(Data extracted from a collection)
■ ■ ■ ■

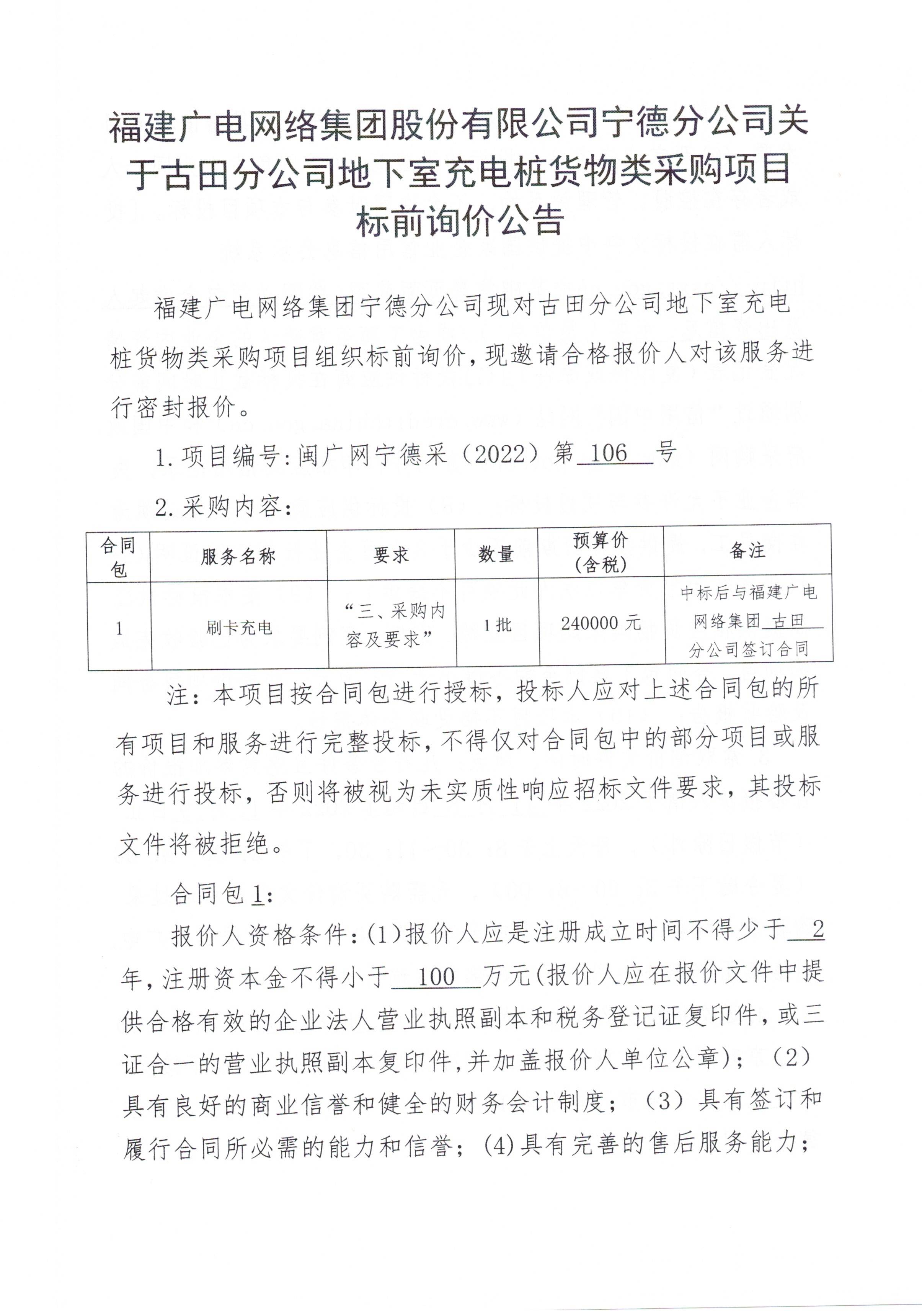 宁德分公司关于古田分公司地下室充电桩货物类采购项目标前询价公告
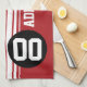 Red Black Racing Stripes Custom Name Number Kitchen Towel
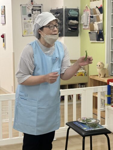 まずは、栄養士の英子先生から絹さや&スナップえんどうを食べるには筋をとると食べやすくなる話を聞きました👂
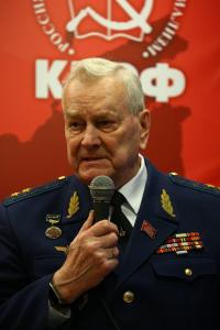 Затем слово взял Председатель Центрального Совета Международного Союза советских офицеров, генерал-лейтенант авиации Г.М. Бенов. Геннадий Матвеевич рассказал присутствующим о принятой Союзом офицеров резолюции о своей поддержке кандидата от КПРФ.
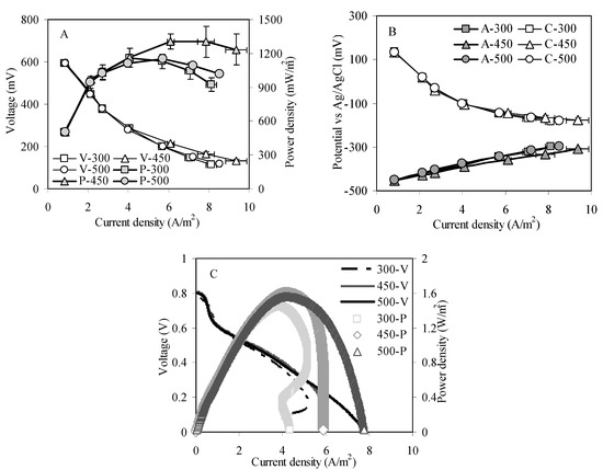 Based on the power curves achieved by the one cycle method at different resistances, maximum power densities of 1160 ± 82 (300 °C) and 1149 ± 11 (500 °C) mW/m2 were obtained, but the reactor with the 450 °C anode was able to generate a power density a little higher of 1305 ± 67 mW/m2 at a current density of 6.1± 0.2 A/m2 (Figure 1A). Figure 1B indicates that the cathode potentials were not obviously correlated with the anode and remained consistent with each other, while the anode potentials changed in a manner similar to the manner in which the power densities of the MFCs changed with different preheating anodes. According to the power density curves achieved via linear sweep voltammetry (LSV), the maximum power densities for the reactors with different anodes were 1450 (300 °C), 1607 (450 °C), 1561 (500 °C) mW/m2 (Figure 1C). The highest power density of the 450 °C reactor using this method was the highest one among all these reactors as well, but the numeric value was 23% higher than the power obtained by the one cycle method. The increasing numeric value for the 500 °C reactor using electrochemical methods was highest (increasing from 1149 to 1561 mW/m2). Watson et al. analyzed power density and power overshoot in MFCs with three polarization methods and proved that maximum power densities obtained by LSV were higher than those obtained using the other two resistance methods []. The scan rate of 1 mV/s may be too quick for the reactor to respond to the voltage change, so the power value was unrealistically high, and a maximum power density of 1305 ± 67 mW/m2 could be considered. Heat treatment on the carbon anode has been shown to improve MFC performance better than other chemical methods [,]; the results obtained in this research confirmed that different heat temperatures have different effects on power generation. Four hundred fifty degrees Celsius is a better treatment temperature than 300 and 500 °C, and temperatures higher than 500 °C (such as 600 °C) may not be suitable for the anode heat treatment of MFCs.
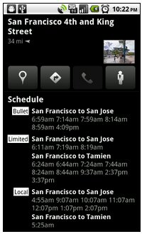 在公共交通地點(diǎn)頁(yè)面中還能看到新版的時(shí)刻表,你可以點(diǎn)擊地圖上的任何一個(gè)中轉(zhuǎn)站點(diǎn)的圖標(biāo)來(lái)打開(kāi)一個(gè)新的頁(yè)面查看未來(lái)車次的發(fā)車時(shí)間,這樣可以更好的安排自己的行程,這項(xiàng)功能支持任何提供有在線時(shí)刻表的地鐵、巴士或者火車車站。
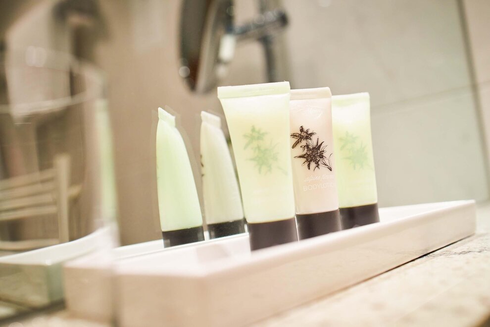 Das Badezimmer verfügt über Dusche oder Badewanne, Fön, Kosmetikspiegel und Personenwaage.
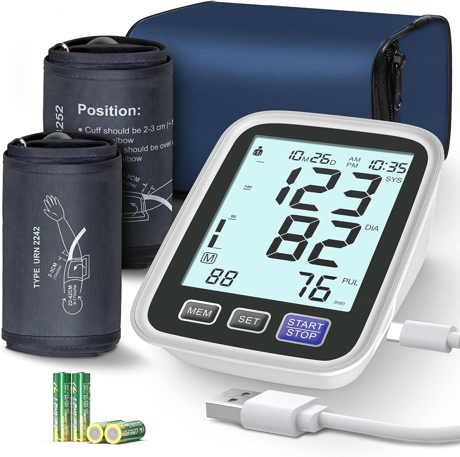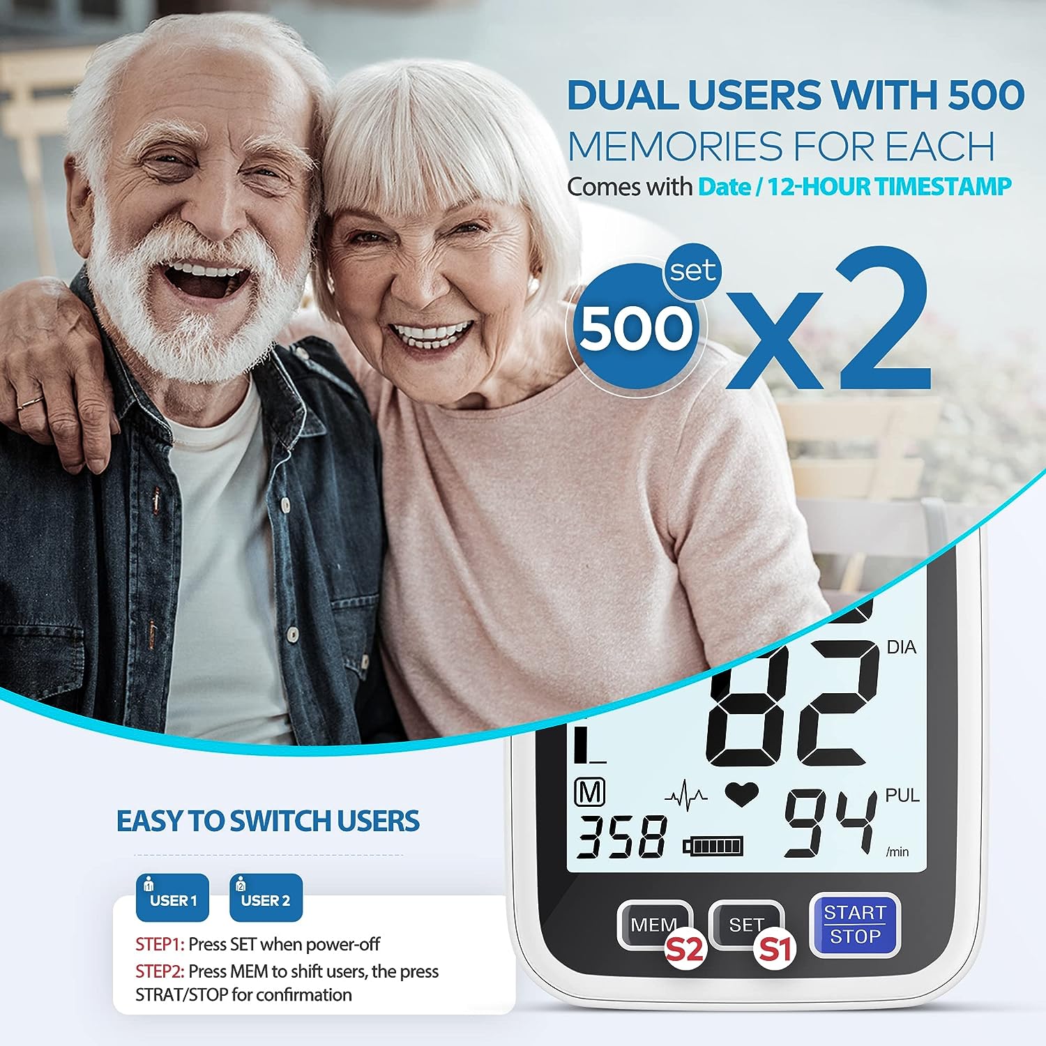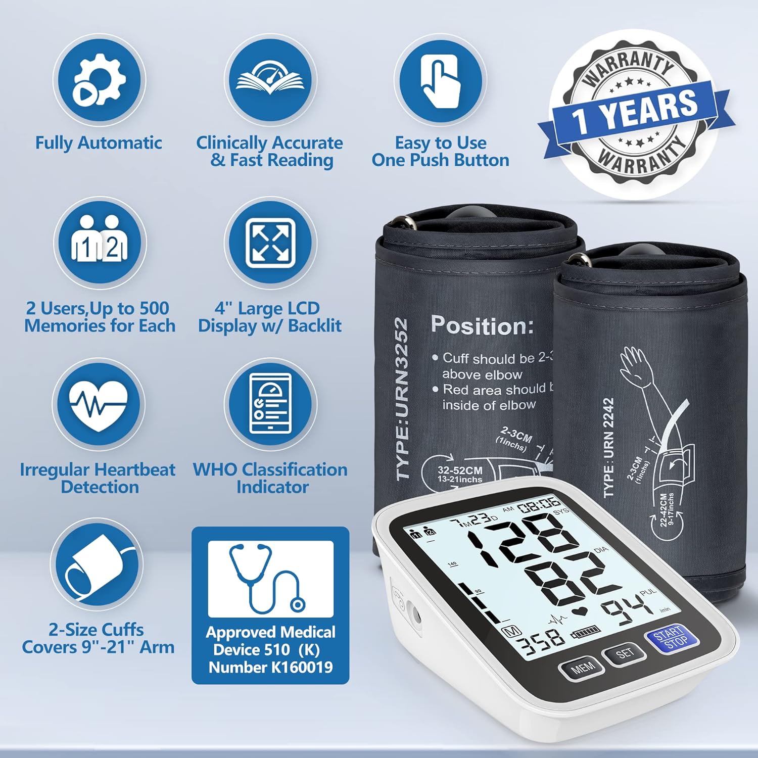 Blood Pressure Machine Upper Arm, 2 Size Cuffs, Medium/Large 9"-17" and Extra Large 13"-21", Accurate Automatic Digital BP Cuff Home Use, Large Backlit LCD, BP Monitor 2-User 1000 Mem

■ ■ ■ ■

__Exercise prompt__: In your answer, repeat all the entries exactly, but leave out the pictures.

__Written solution__:
 宁德分公司关于古田分公司地下室充电桩货物类采购项目标前询价公告
 Red Black Racing Stripes Custom Name Number Kitchen Towel
 まずは、栄養士の英子先生から絹さや&スナップえんどうを食べるには筋をとると食べやすくなる話を聞きました👂
 Затем слово взял Председатель Центрального Совета Международного Союза советских офицеров, генерал-лейтенант авиации Г.М. Бенов. Геннадий Матвеевич рассказал присутствующим о принятой Союзом офицеров резолюции о своей поддержке кандидата от КПРФ.
 Based on the power curves achieved by the one cycle method at different resistances, maximum power densities of 1160 ± 82 (300 °C) and 1149 ± 11 (500 °C) mW/m2 were obtained, but the reactor with the 450 °C anode was able to generate a power density a little higher of 1305 ± 67 mW/m2 at a current density of 6.1± 0.2 A/m2 (Figure 1A). Figure 1B indicates that the cathode potentials were not obviously correlated with the anode and remained consistent with each other, while the anode potentials changed in a manner similar to the manner in which the power densities of the MFCs changed with different preheating anodes. According to the power density curves achieved via linear sweep voltammetry (LSV), the maximum power densities for the reactors with different anodes were 1450 (300 °C), 1607 (450 °C), 1561 (500 °C) mW/m2 (Figure 1C). The highest power density of the 450 °C reactor using this method was the highest one among all these reactors as well, but the numeric value was 23% higher than the power obtained by the one cycle method. The increasing numeric value for the 500 °C reactor using electrochemical methods was highest (increasing from 1149 to 1561 mW/m2). Watson et al. analyzed power density and power overshoot in MFCs with three polarization methods and proved that maximum power densities obtained by LSV were higher than those obtained using the other two resistance methods []. The scan rate of 1 mV/s may be too quick for the reactor to respond to the voltage change, so the power value was unrealistically high, and a maximum power density of 1305 ± 67 mW/m2 could be considered. Heat treatment on the carbon anode has been shown to improve MFC performance better than other chemical methods [,]; the results obtained in this research confirmed that different heat temperatures have different effects on power generation. Four hundred fifty degrees Celsius is a better treatment temperature than 300 and 500 °C, and temperatures higher than 500 °C (such as 600 °C) may not be suitable for the anode heat treatment of MFCs.
 在公共交通地點(diǎn)頁(yè)面中還能看到新版的時(shí)刻表,你可以點(diǎn)擊地圖上的任何一個(gè)中轉(zhuǎn)站點(diǎn)的圖標(biāo)來(lái)打開(kāi)一個(gè)新的頁(yè)面查看未來(lái)車次的發(fā)車時(shí)間,這樣可以更好的安排自己的行程,這項(xiàng)功能支持任何提供有在線時(shí)刻表的地鐵、巴士或者火車車站。
 Das Badezimmer verfügt über Dusche oder Badewanne, Fön, Kosmetikspiegel und Personenwaage.
 Blood Pressure Machine Upper Arm, 2 Size Cuffs, Medium/Large 9"-17" and Extra Large 13"-21", Accurate Automatic Digital BP Cuff Home Use, Large Backlit LCD, BP Monitor 2-User 1000 Mem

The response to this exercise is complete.